Today I’m going to be writing about one the most, if not the most, common yet dangerous vulnerabilities that hackers can take advantage of, called cross-site scripting. Cross-site scripting is similar to SQL injections in that it takes advantage of the fact that a developer wasn’t one hundred percent careful when creating their web application. Basically, it is the injection of malicious code into a website through its user input fields.
Here’s how it works. Let’s suppose you have a website with a commenting functionality. All a user has to do to leave a comment is to type it into the comment box and press “submit”. Your website was most likely created with HTML. HTML is a tag-based language, where text is written in between specialised tags that dictate how the text is interpreted by the site.
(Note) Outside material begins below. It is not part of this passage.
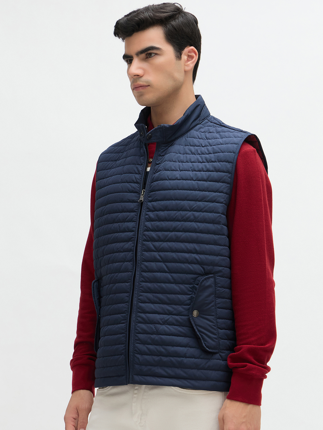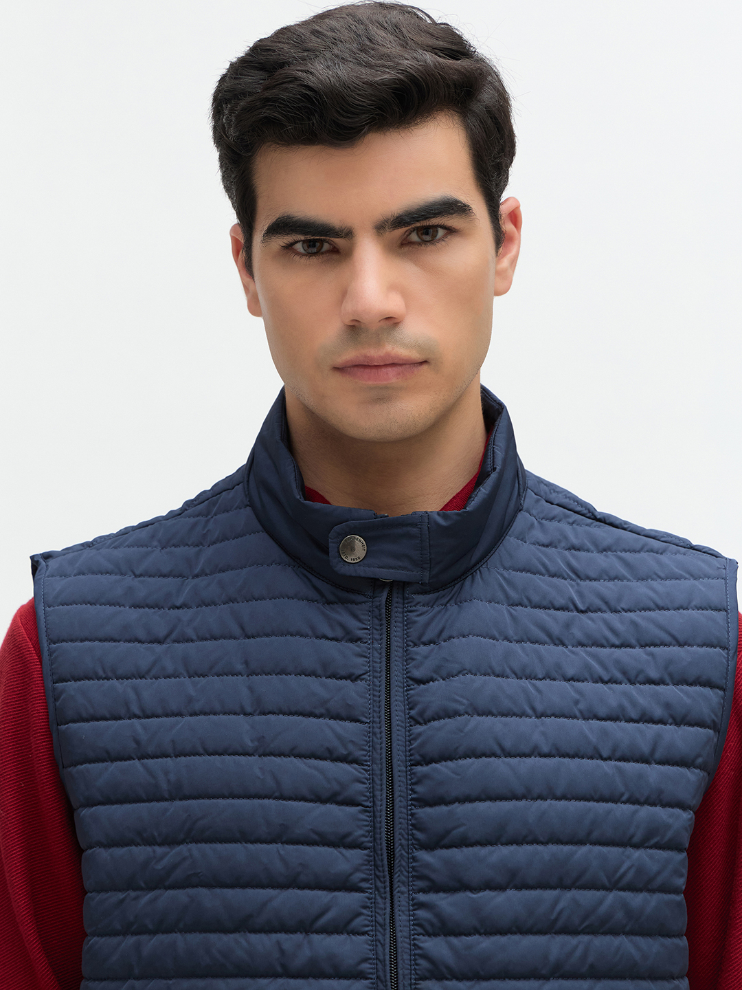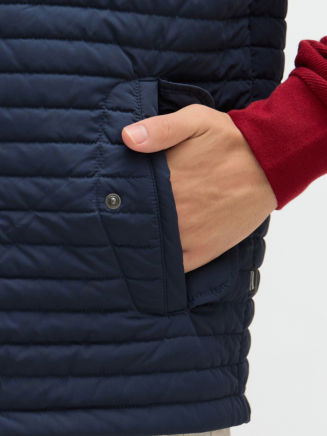 Stay warm without the bulk. This sleeveless quilted jacket features lightweight insulation, a smooth shell and a streamlined silhouette designed for easy layering.

For example, writing text between a <b> and a closing </b> tag would make the text in between appear bolded. There is also a specialised <script> tag that will execute any JavaScript command inside it, and that is invisible to users. If your website’s commenting functionality isn’t written to escape the tag so that the script can’t run, the website will essentially belong to the malicious hacker.
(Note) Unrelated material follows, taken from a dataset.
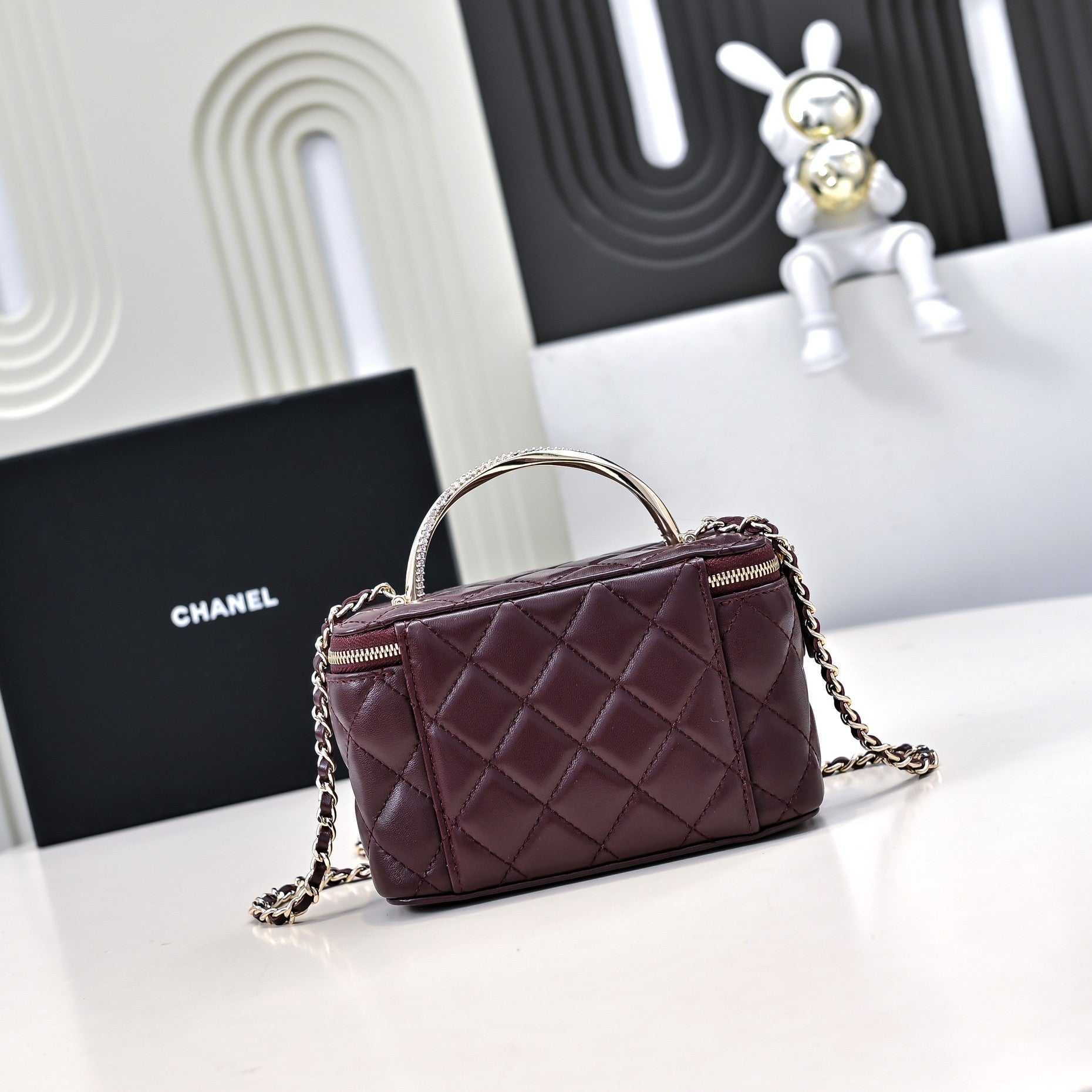 CC 24K Vanity Top Handle 17cm Burgundy Lambskin Silver Hardware

Since cross-site scripting attacks rely on the host website in order to harm its users, it can be said that there are two broad types of attacks: Persistent Scripts and Non-Persistent Scripts. Non-Persistent Scripts only run once and are usually done for test purposes to see whether or not a vulnerability exists. Persistent Scripts, however, are the ones that actually do the damage. If someone was to write a persistent script on your website’s comment section, it would be completely invisible, and it can do anything from stealing cookie information in order to gain access to a user’s account, to setting a worm in a user’s MySpace account, which would make any other MySpace user add the first as a friend, and then bring the worm over to their own account, resulting in a user gaining millions of friends overnight. The latter really happened, and the perpetrator got three years probation and a twenty thousand dollars fine. Just goes to show the importance of being careful as a security professional (or criminal).